If an emerging growth company, indicate by check mark if the registrant has elected not to use the extended transition period for complying with any new or revised financial accounting standards provided pursuant to Section 13(a) of the Exchange Act. ☐

 

 

 

 


Item 2.01 Completion of Acquisition or Disposition of Assets.

On August 1, 2017, Achieve Life Sciences, Inc., formerly known as “OncoGenex Pharmaceuticals, Inc.” (the “Company”), completed its business combination with what was then known as “Achieve Life Science, Inc.” (“Achieve”) in accordance with the terms of the Agreement and Plan of Merger and Reorganization, dated as of January 5, 2017, by and among the Company, Ash Acquisition Sub, Inc. (“Merger Sub 1”), Ash Acquisition Sub 2, Inc. (“Merger Sub 2” and together with Merger Sub 1, the “Merger Subs”), and Achieve (the “Merger Agreement”), pursuant to which Merger Sub 1 merged with and into Achieve (the “First Merger”), with Achieve becoming a wholly-owned subsidiary of the Company and the surviving corporation of the First Merger (the “Initial Surviving Corporation”) and promptly following the First Merger, the Initial Surviving Corporation merged with and into Merger Sub 2 (the “Second Merger” and together with the First Merger, the “Merger”) with Merger Sub 2 continuing as the surviving entity in the Second Merger as a direct wholly owned subsidiary of the Company.
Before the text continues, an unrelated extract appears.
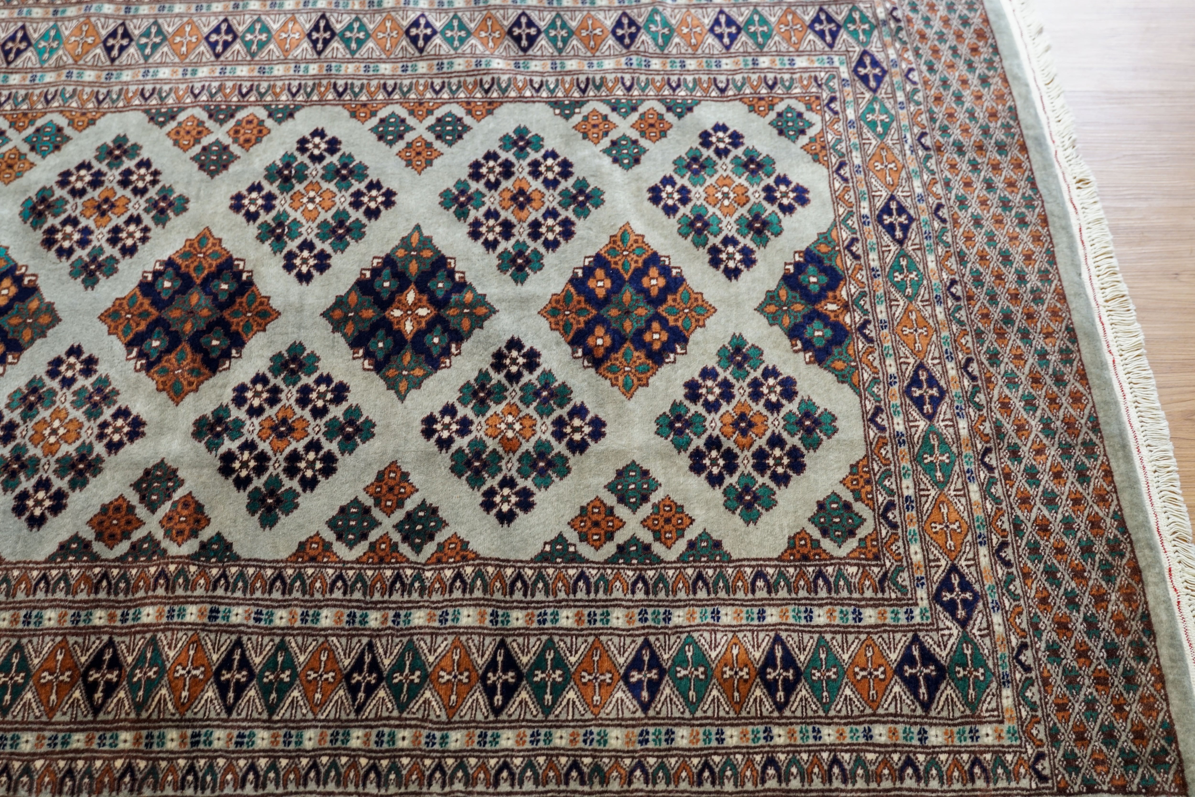 ニュージーランド産の上質なウールを使用し、信頼できる熟練した職人が手織りしたパキスタン絨毯です。ニュージーランド産のウールはタンパク質をたくさん含んでいるためハリ、艶に富むのが特徴です。肌触りはなめらかで柔らかく、弾力のあるパイル地が底冷えを防ぎ足元を快適にします。

Following the completion of the Merger, the business conducted by the Company became focused on the clinical and commercial development of cytisine, a selective nicotine receptor partial agonist currently in development for smoking cessation.
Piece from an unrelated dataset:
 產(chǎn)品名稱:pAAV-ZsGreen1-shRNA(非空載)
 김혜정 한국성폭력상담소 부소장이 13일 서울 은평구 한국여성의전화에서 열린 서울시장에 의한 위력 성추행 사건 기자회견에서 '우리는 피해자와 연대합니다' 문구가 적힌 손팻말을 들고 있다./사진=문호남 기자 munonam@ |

Upon completion of the First Merger, each outstanding share of Achieve common stock was converted into the right to receive approximately 359.3053 shares of common stock of the Company (after giving effect to the Reverse Stock Split described below). Immediately following the effective time of the Merger, former equityholders of the Company held approximately 25% of the outstanding capital stock of the Company on a fully diluted basis, and the former Achieve stockholders held approximately 75% of the outstanding capital stock of the Company on a fully diluted basis.

Also on August 1, 2017, prior to the completion of the Merger, the Company effected a 1-for-11 reverse stock split of its common stock (the “Reverse Stock Split”) and changed its name to “Achieve Life Sciences, Inc.”

The Company’s shares of common stock listed on The NASDAQ Capital Market will commenced trading on The NASDAQ Capital Market, on a post-Reverse Stock Split adjusted basis, under the ticker symbol “ACHV” on Thursday, August 3, 2017. The Company’s common stock has a new CUSIP number: 004468 104.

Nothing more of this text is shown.